• **Assignment**: Your copy starts at the line containing "Valspar® Paint &" and ends at the last line below. Copy exactly, without pictures.

• **Provided material**:
☆ ☆ ☆ ☆ ☆ ☆ ☆

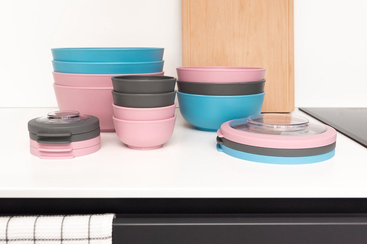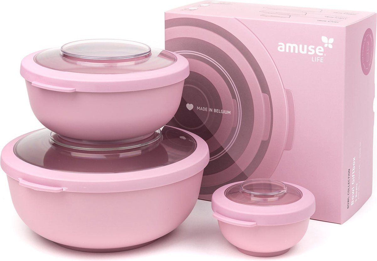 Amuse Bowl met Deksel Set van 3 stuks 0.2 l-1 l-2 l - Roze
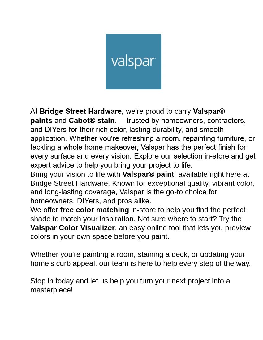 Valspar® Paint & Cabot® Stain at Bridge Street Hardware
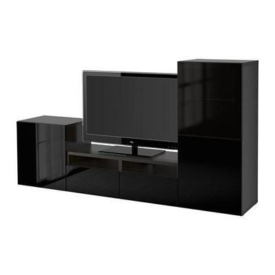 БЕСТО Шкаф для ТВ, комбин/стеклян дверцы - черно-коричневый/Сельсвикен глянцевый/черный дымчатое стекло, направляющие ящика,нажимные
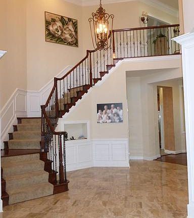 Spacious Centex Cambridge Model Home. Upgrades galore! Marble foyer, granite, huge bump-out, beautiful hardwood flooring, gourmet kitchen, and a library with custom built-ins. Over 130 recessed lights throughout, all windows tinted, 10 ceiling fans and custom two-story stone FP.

☆ ☆ ☆ ☆ ☆ ☆ ☆

• **Written response**:
 Valspar® Paint & Cabot® Stain at Bridge Street Hardware
 БЕСТО Шкаф для ТВ, комбин/стеклян дверцы - черно-коричневый/Сельсвикен глянцевый/черный дымчатое стекло, направляющие ящика,нажимные
 Spacious Centex Cambridge Model Home. Upgrades galore! Marble foyer, granite, huge bump-out, beautiful hardwood flooring, gourmet kitchen, and a library with custom built-ins. Over 130 recessed lights throughout, all windows tinted, 10 ceiling fans and custom two-story stone FP.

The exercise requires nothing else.